[Work instructions] Drop the pictures, then extract the listing word for word.
[[ Data provided open ]]
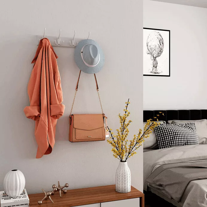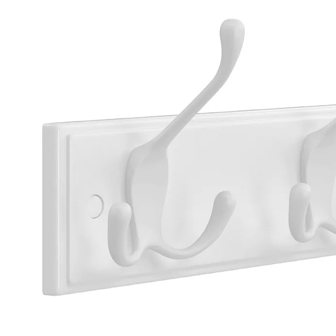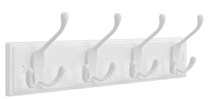 Nástěnný věšák v čistém bílém provedení nabízí čtyři pevné háčky pro praktické zavěšení kabátů, bund, tašek nebo doplňků. Je vyroben z kvalitního dřeva s hladkým povrchem, které zajišťuje příjemný vzhled i dlouhou životnost.
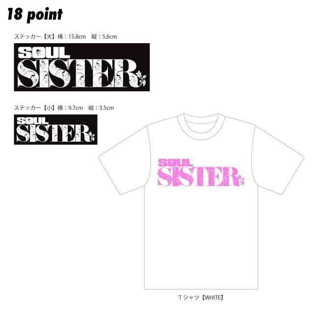 SOULSISTERのロゴTシャツ、ステッカー大と小、各1点づつのフルセットです。 こちらの商品には2025モデルオーディションの投票権(18P)が付与されます。 推しのモデルを選んでご購入してください。 •SIZE 身丈 72cm・身幅 55cm・肩幅 50cm・袖丈 22cm •MATERIAL Cotton 100%
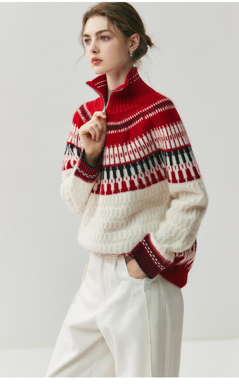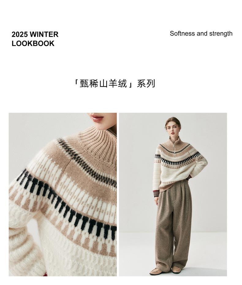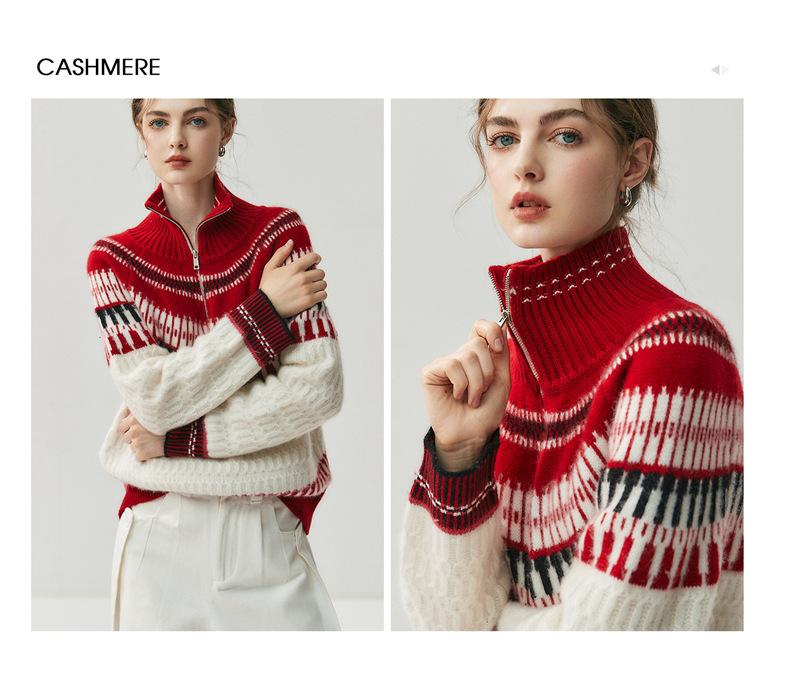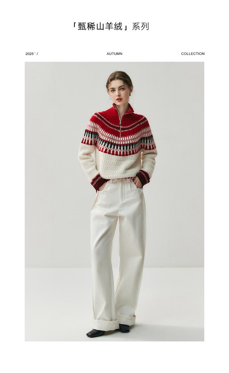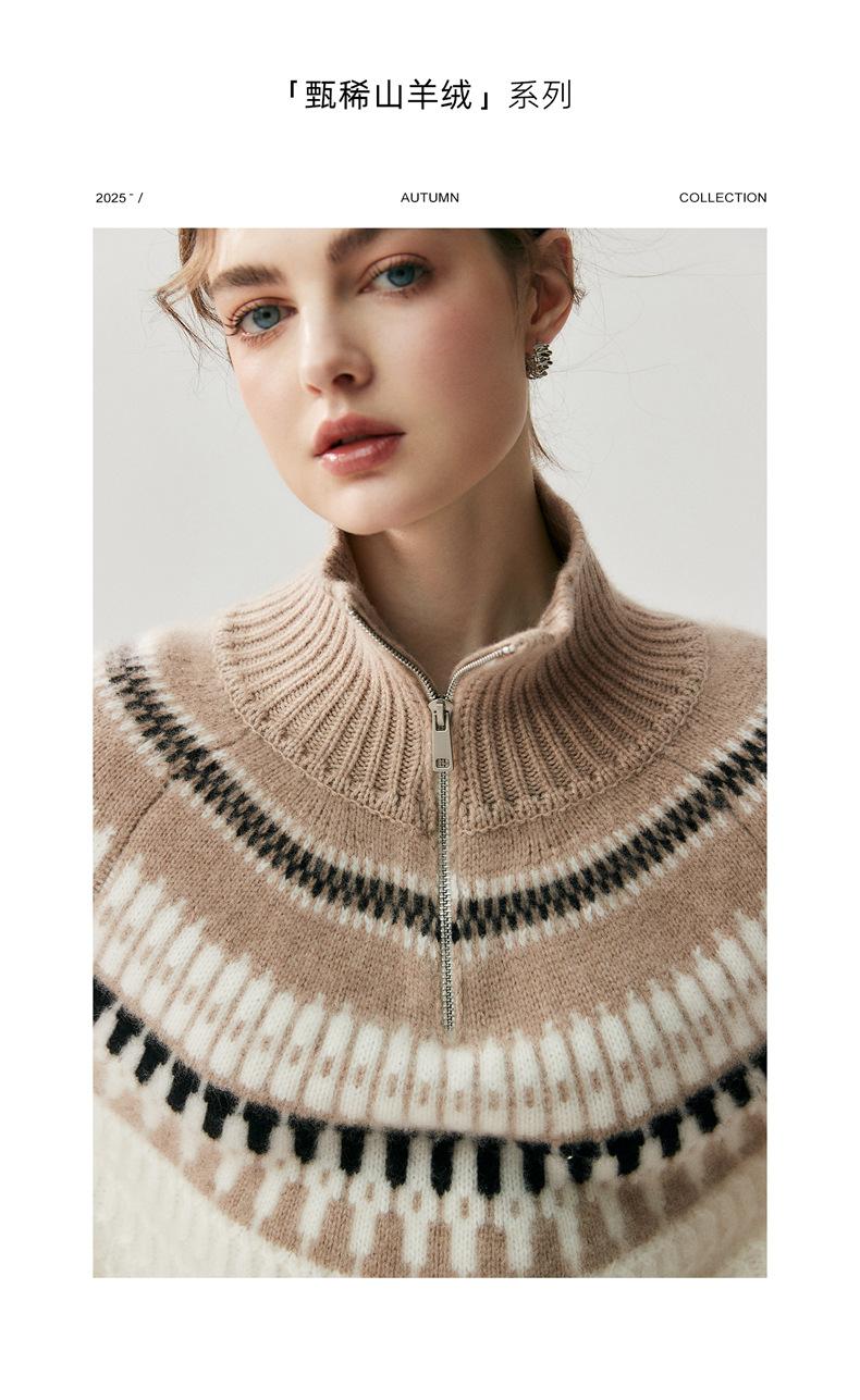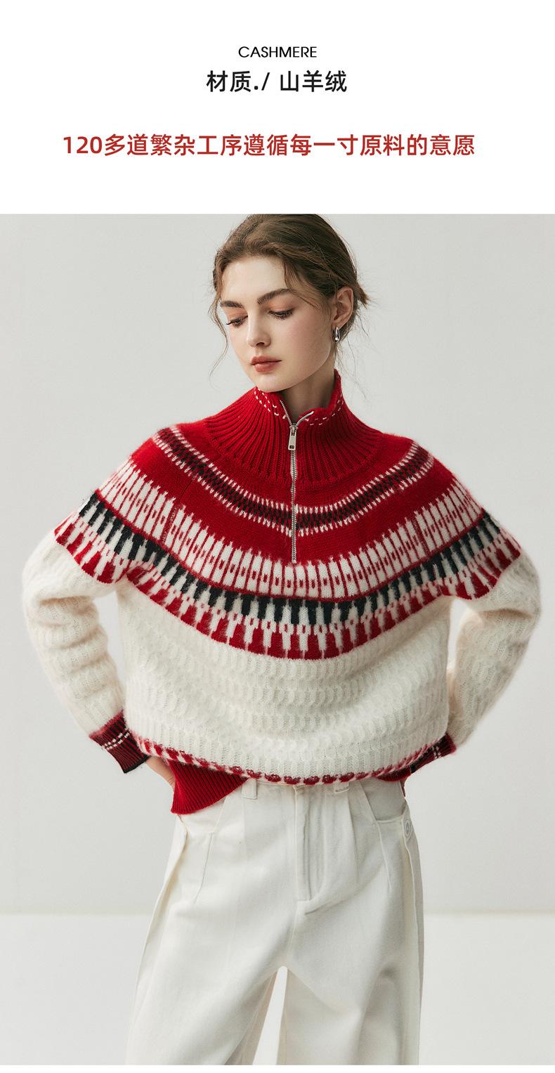 550g~Suéter de Cachemira Jacquard Temperamento Suéter Grueso Holgado para Mujer con Media Cremallera 2025 Otoño/Invierno Nuevo Suéter Tejido
[[ Data provided closed ]]
[Solution to the exercise]
 Nástěnný věšák v čistém bílém provedení nabízí čtyři pevné háčky pro praktické zavěšení kabátů, bund, tašek nebo doplňků. Je vyroben z kvalitního dřeva s hladkým povrchem, které zajišťuje příjemný vzhled i dlouhou životnost.
 SOULSISTERのロゴTシャツ、ステッカー大と小、各1点づつのフルセットです。 こちらの商品には2025モデルオーディションの投票権(18P)が付与されます。 推しのモデルを選んでご購入してください。 •SIZE 身丈 72cm・身幅 55cm・肩幅 50cm・袖丈 22cm •MATERIAL Cotton 100%
 550g~Suéter de Cachemira Jacquard Temperamento Suéter Grueso Holgado para Mujer con Media Cremallera 2025 Otoño/Invierno Nuevo Suéter Tejido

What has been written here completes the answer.